In pratica, l’imposta effettiva si colloca spesso tra il 23% e il 30%, ma può essere più alta per chi ha redditi elevati.
In sintesi:
il TFR in azienda cresce poco,
non gode di agevolazioni fiscali durante la maturazione,
e alla fine viene tassato come un normale reddito da lavoro.
Quando il TFR viene destinato a un fondo pensione, entra in un meccanismo completamente diverso.
Ogni mese, la quota maturata viene investita sui mercati, in base alla linea scelta (obbligazionaria, bilanciata, azionaria, ecc.), con la possibilità di ottenere rendimenti più alti nel lungo periodo.
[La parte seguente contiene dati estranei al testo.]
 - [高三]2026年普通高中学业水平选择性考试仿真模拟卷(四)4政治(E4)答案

I rendimenti maturati annualmente sono soggetti a una tassazione agevolata:
20% sui proventi finanziari,
12,5% sulla parte derivante da titoli di Stato ed equiparati.
Questa imposta si applica ogni anno, non solo al riscatto finale.
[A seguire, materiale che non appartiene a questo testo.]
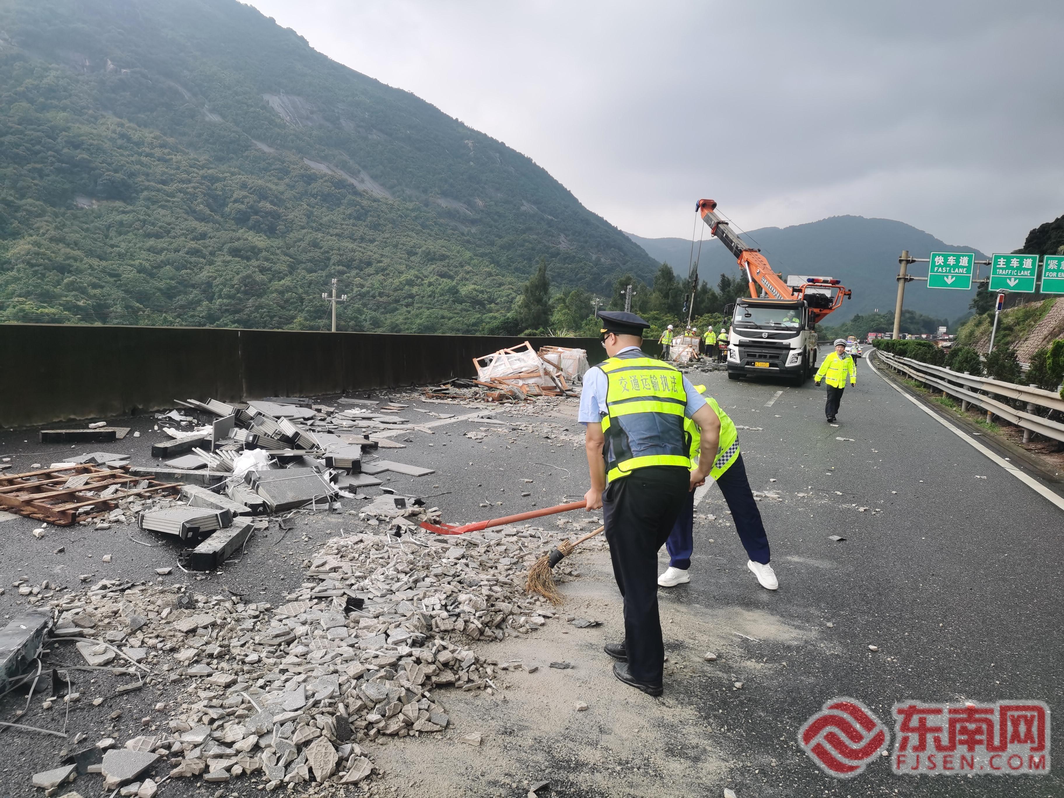 處理灑落物事故。寧德高速執(zhí)法支隊(duì)供圖 8時(shí)13分,路網(wǎng)中心傳來(lái)的警報(bào)打破了晨間的寧?kù)o。霞浦中隊(duì)執(zhí)法人員僅用3分鐘完成出勤準(zhǔn)備,于8時(shí)16分疾馳向事故現(xiàn)場(chǎng)。8時(shí)45分抵達(dá)時(shí),破碎瓷磚將道路完全封堵。執(zhí)法人員迅速在事故后方200米處架起反光錐筒組成的“生命防線(xiàn)”,與隨后趕來(lái)的高速交警、路勤人員組成臨時(shí)搶險(xiǎn)隊(duì)。9時(shí)整,隨著第一車(chē)碎瓷磚被裝載清運(yùn),這場(chǎng)“清障大會(huì)戰(zhàn)”正式打響。

Non è quindi sempre un vantaggio rispetto ad altri strumenti (che pagano il 26% solo al momento della vendita), ma fa parte del regime fiscale dedicato alla previdenza complementare.
Il vero vantaggio, come vedremo tra poco, arriva al momento dell’uscita dal fondo.
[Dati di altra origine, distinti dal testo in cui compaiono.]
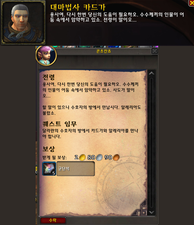 카드가한테 보고를 하며 퀘스트를 마칩니다.

Quando si va in pensione, il capitale accumulato nel fondo può essere riscattato in due modi:
come rendita vitalizia, cioè una pensione mensile aggiuntiva,
oppure come capitale, fino al 50% del totale (in alcuni casi anche il 100%).
La tassazione applicata in questa fase è molto più favorevole di quella IRPEF:
parte dal 15% e si riduce di 0,3 punti percentuali per ogni anno di partecipazione oltre il quindicesimo, fino a un minimo del 9%.
Significa che chi versa nel fondo per 35 anni pagherà solo il 9% di tasse al riscatto, contro il 23–30% (o più) del TFR aziendale.
Una differenza che può tradursi in decine di migliaia di euro netti in più al momento della pensione.
Contrariamente a quanto molti pensano, il capitale nel fondo pensione non è completamente bloccato.
La legge prevede diversi casi di riscatto, anche prima della pensione:
Fino al 75% per l’acquisto o ristrutturazione della prima casa, dopo 8 anni di iscrizione;
Fino al 30% per qualsiasi esigenza personale, senza necessità di motivazione;
100% in caso di invalidità permanente, disoccupazione oltre 48 mesi o decesso dell’iscritto (in questo caso va agli eredi).
È quindi una forma di risparmio a lungo termine, ma non “congelata”.
In sintesi:
Il TFR aziendale si rivaluta in modo modesto e viene tassato come reddito da lavoro.
Il TFR nel fondo pensione beneficia di rendimenti potenzialmente più elevati e di una tassazione finale agevolata, tra il 15% e il 9%.
Inoltre, offre una flessibilità maggiore nel lungo periodo, con possibilità di riscatto parziale in caso di necessità.
Il risultato è che, a parità di anni di maturazione, il TFR versato in un fondo pensione può valere dal 30% al 40% in più rispetto a quello lasciato in azienda per l’effetto combinato di rendimento e fiscalità.
In breve:
Lasciare il TFR in azienda significa farlo dormire.
Metterlo in un fondo pensione significa farlo lavorare per te.
E nel lungo periodo, la differenza si misura in anni di serenità finanziaria in più.